U.S. SECURITIES AND EXCHANGE COMMISSION
Litigation Release No. 19456 / November 3, 2005
SEC V. ZVI FUKS, A.K.A. ZVI FUCHS, AND SABINA BEN-YEHUDA, A.K.A. SONIA BEN YEHUDA, 05 Civ. 2668 (JES) (S.D.N.Y.)
ZVI FUKS AND SABINA BEN-YEHUDA SETTLE SEC INSIDER TRADING CHARGES
Zvi Fuks and Sabina Ben-Yehuda have consented to a full resolution of the Commission's insider trading case against them. Pursuant to this settlement, which is subject to the Court's approval, Fuks and Ben-Yehuda will pay full disgorgement of the losses they avoided as a result of their insider trading in ImClone stock in December 2001, plus prejudgment interest on those amounts and a civil penalty equal to the amount of their losses avoided. In total, Fuks and Ben-Yehuda will pay $2,770,687 to settle the Commission's case against them.
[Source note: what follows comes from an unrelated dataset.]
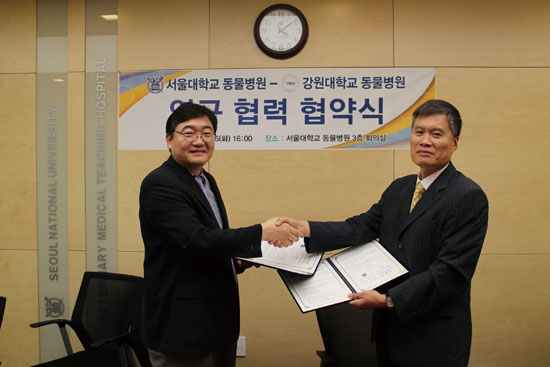 지난 8월 5일(화) 강원대학교 수의과대학 동물병원(병원장 권혁무)과 서울대학교 수의과대학 동물병원(병원장 서강문)이 연구 및 진료협력에 관한 양해각서를 체결했다.
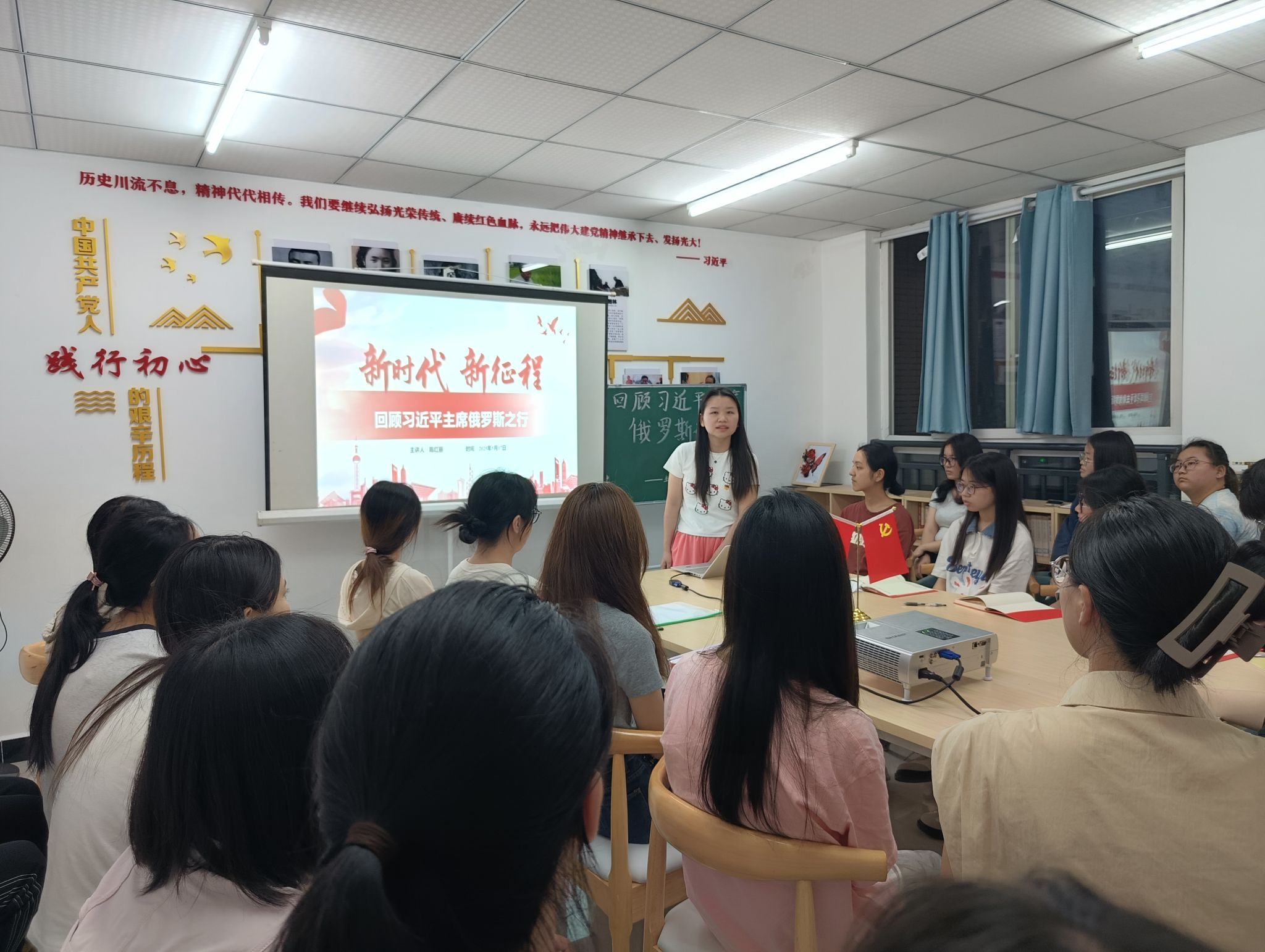 陈红丽同志通过俄罗斯之行概述、纪念世界反法西斯战争胜利80周年、纪念联合国成立80周年、了解学习中俄之间的合作与担当四个板块,系统梳理了习近平主席此次访问的战略意义、实践成果与时代价值,引导全体同学在理论学习中坚定理想信念、强化使命担当。活动中,参加人员集中观看了反战题材影视《小士兵》的片段,孩童的天真与战争的残酷形成强烈对比,让大家陷入沉思,更加珍惜和平的来之不易。陈红丽同志表示,和平与发展已经成为时代主题,但战火尚未在这颗星球完全熄灭,单边主义、保护主义逆流涌动,国际局势中不稳定不确定因素增多,战争的达摩克利斯之剑依然悬在人类头上,渴望和平的呼声愈发响亮,大家要以史为鉴、面向未来,共同珍爱和平、维护和平。

The Commission originally filed insider trading charges against Fuks and Ben-Yehuda on March 9, 2005 in the United States District Court for the Southern District of New York and filed an amended complaint today. In its amended complaint, the Commission charges that on the evening of December 26, 2001, ImClone's then CEO Samuel D. Waksal privately learned in advance of any official notice or public announcement that the United States Food and Drug Administration ("FDA") would reject consideration of ImClone's application to approve its primary product, a cancer treatment called Erbitux. On December 27, Waksal tipped Ben-Yehuda, who then passed the news onto Fuks. That same day, before this news became public and while in possession of this material, non-public information, Ben-Yehuda sold over $73,000 and Fuks sold over $5 million of ImClone stock. ImClone received written notification of the FDA's decision in the afternoon on December 28, and publicly announced the FDA's decision in a press release at about 6:00 p.m. that day. This news prompted ImClone's stock price to drop 16%, from $55.25 to $46.46, by the close of the next trading day, December 31. The Commission's amended complaint alleges that both Fuks and Ben-Yehuda violated section 17(a) of the Securities Exchange Act of 1933 ("Securities Act"), Section 10(b) of the Securities Exchange Act of 1934 ("Exchange Act") and Rule 10b-5 thereunder.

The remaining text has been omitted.